In the light of the very high mortality of patients with SE after discharge, the prediction of outcome beyond acute treatment becomes as important as in-hospital mortality. No previous studies have tested, if STESS (or other clinically relevant scores) predicts long-term survival. Our study confirmed the prognostic significance of the STESS for in-hospital mortality in this Danish cohort of patients [10, 12]. STESS with a threshold of 4 reliably identified patients that survived the acute phase of SE, and predicted to some extend in-hospital mortality. We here complement current knowledge by showing for the first time that STESS also predicts overall mortality (though with a lower sensitivity and specificity) but is not significantly associated with mortality after discharge. The Kaplan-Meier-plot based on the optimal cut-off of ≥ 4 in the discharge analysis displays this significant difference in overall mortality (Fig. 2a).

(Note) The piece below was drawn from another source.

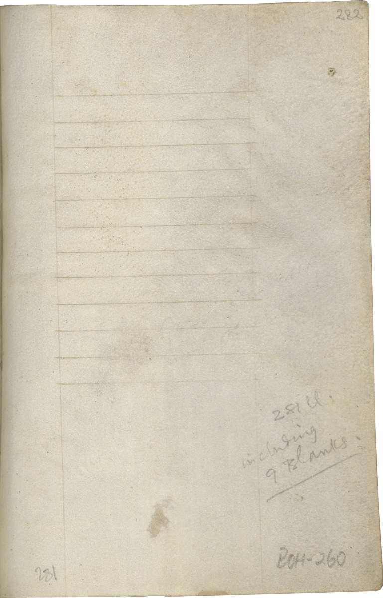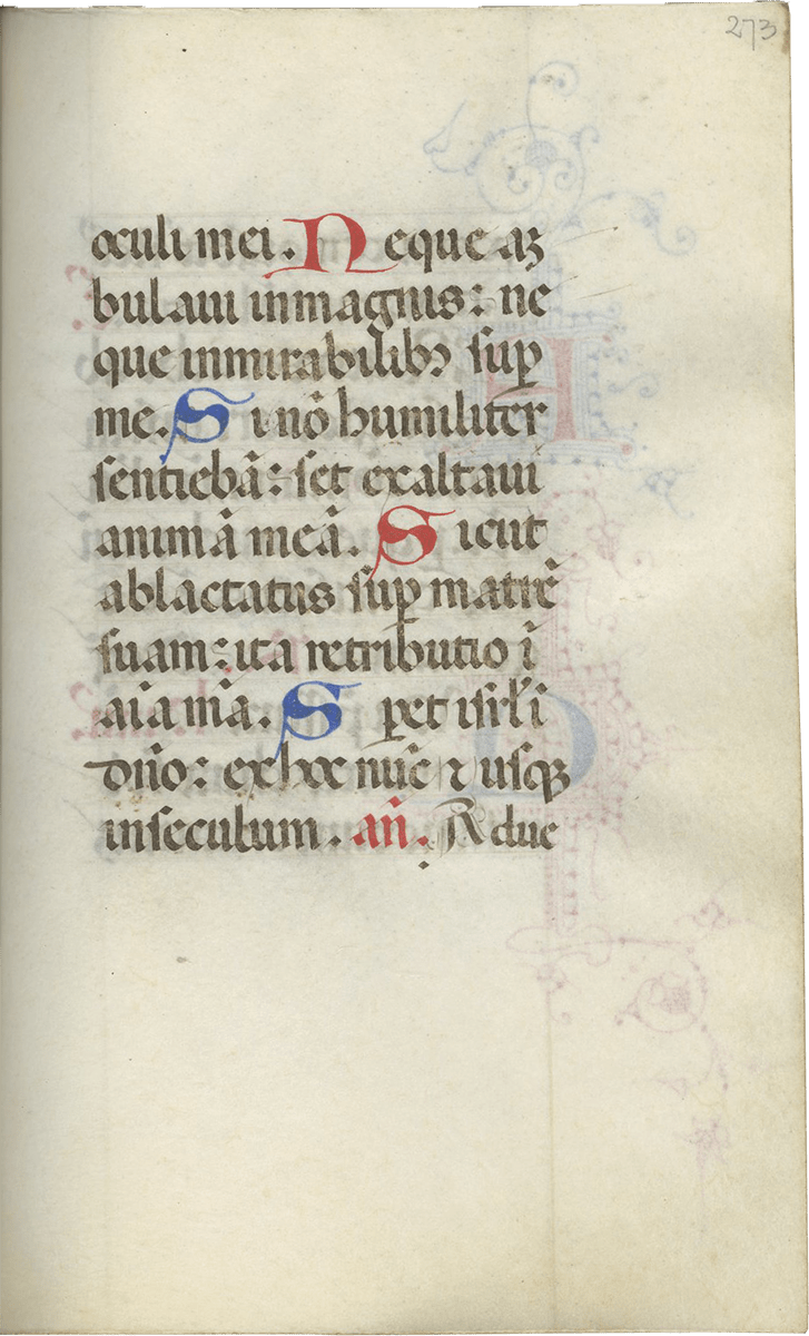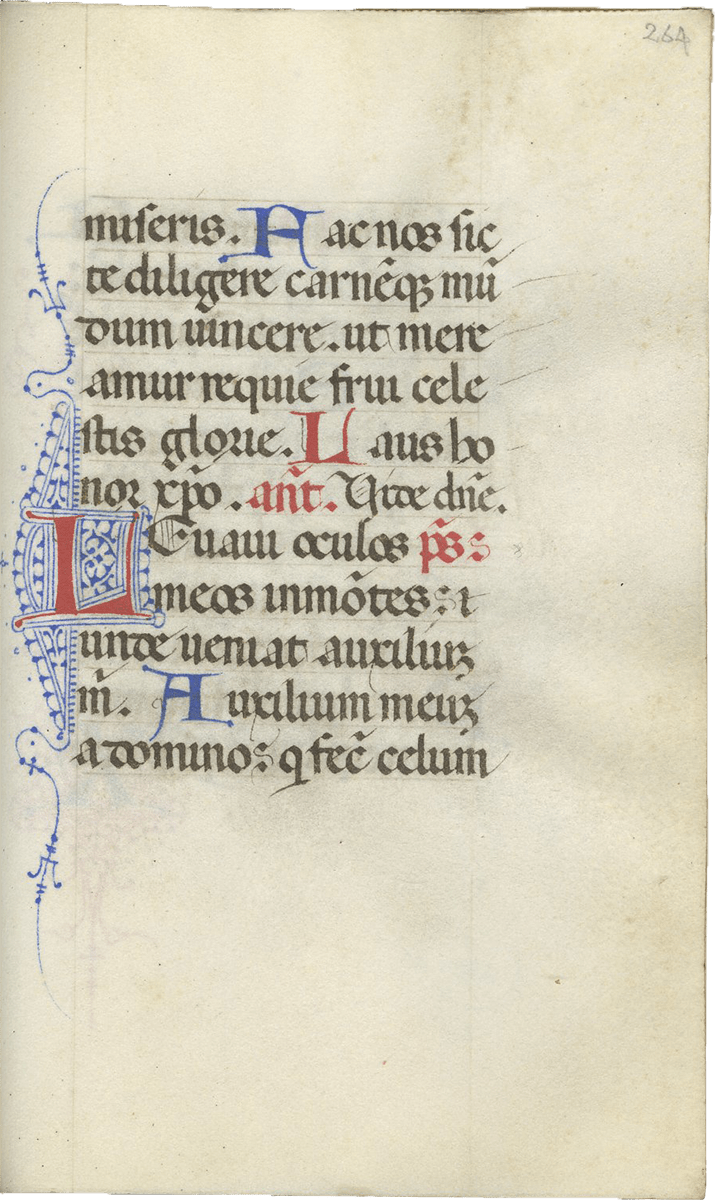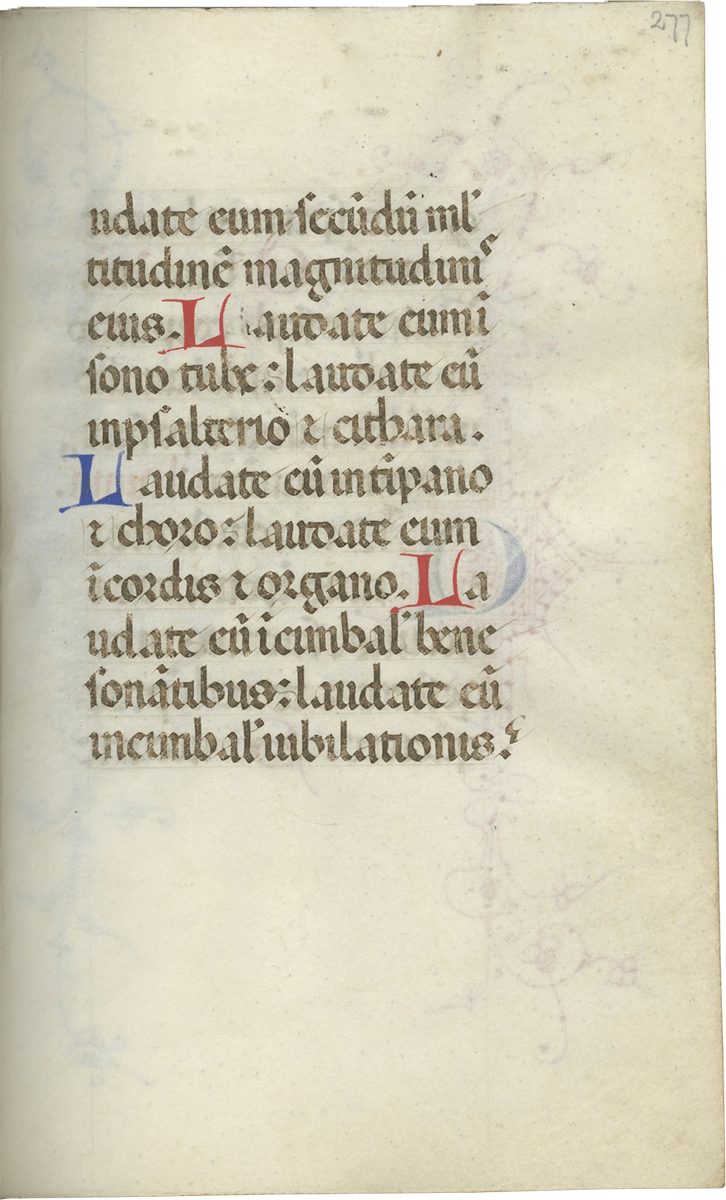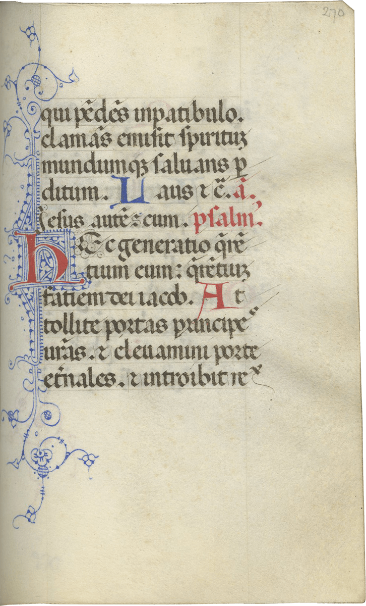 247- 280, Office of the Cross (major), with Lauds (f. 257), Prime (f. 260v), Terce (f. 263v), Sext (f. 266v), None (f. 269v), Vespers (f. 272v), and Compline (f. 276v) ending f. 280, “Deo gratias, Amen.”

All components of the STESS except “history of previous seizures” remained significantly associated with long-term survival and survival after discharge. This indicates “history of previous seizures” is solely relevant for the acute phase of SE, possibly because patients with acute symptomatic seizures (and no history of previous seizures) have higher odds of dying in the hospital. Of note, the differentiation between seizure types remained without prognostic relevance in all our analyses in line with the report by Sutter et al. [12].

Among all components, “coma” yielded most prognostic information but only relevant for a few patients. Coma had higher odds for death (in-hospital mortality: 19.4 and overall mortality: 8.8) than STESS (in-hospital mortality: 17.3, overall mortality: 5.3) in all our analyses, suggesting that this factor may even warrant a higher score. Only 3 out of 19 patients presenting with “coma at onset” of SE were alive at end-of-follow up.

The other major factor with similar importance was “age above 65”, which gave 2 points in the STESS. The Kaplan-Meier curves of patients above and below 65 years (Fig. 2e) were similar to the Kaplan-Meier curves of patients with STESS ≥3 (or STESS ≥4, Fig. 2b). However, neither the high mortality of SE patients nor the plateau after approximately 3 years can be explained by age alone or by naturally occurring death of the patients. Assuming that natural occurring death in higher age would explain the difference alone, one would not expect a major difference 6 months after SE. However, this analysis (Additional file 1: Table S3) revealed similar results as the analysis at the end-of-study. Further, the Kaplan-Meier curves of patients with STESS ≥3 (or STESS ≥4) show a much more rapid decline than the curve of patients above and below 65, which further supports the idea that STESS bears more prognostic information than age alone.

It is tempting to speculate that neuronal damage after SE may be the factor that substantially contributes to overall outcome of patients with SE. In patients with acute neuronal damage (like stroke [23]), age is a major prognostic factor and neuronal damage may therefore explain the high relevance of age as prognostic factor. However, this retrospective study with all its limitations (e.g. mortality as only outcome parameter, lack of detailed assessment of functional outcome, retrospective design, incomplete assessment of other prognostic factors, etc.) does not provide clear clues in support of this hypothesis and further studies are required to better understand the important contributors to long-term survival after SE beyond aetiology.

Conclusions

In summary, this study supports STESS as a valuable and easy-to-use tool to estimate in-hospital mortality. The overall mortality after SE was found higher than expected compared to previous research. Most of STESS’ components were found to have an association to the overall mortality after SE. There are though reasons to believe that other factors may play important roles for long-term outcome. A prognostic score for long-term survival may be based on STESS but will certainly require modifications to improve its ability to predict long-term survival.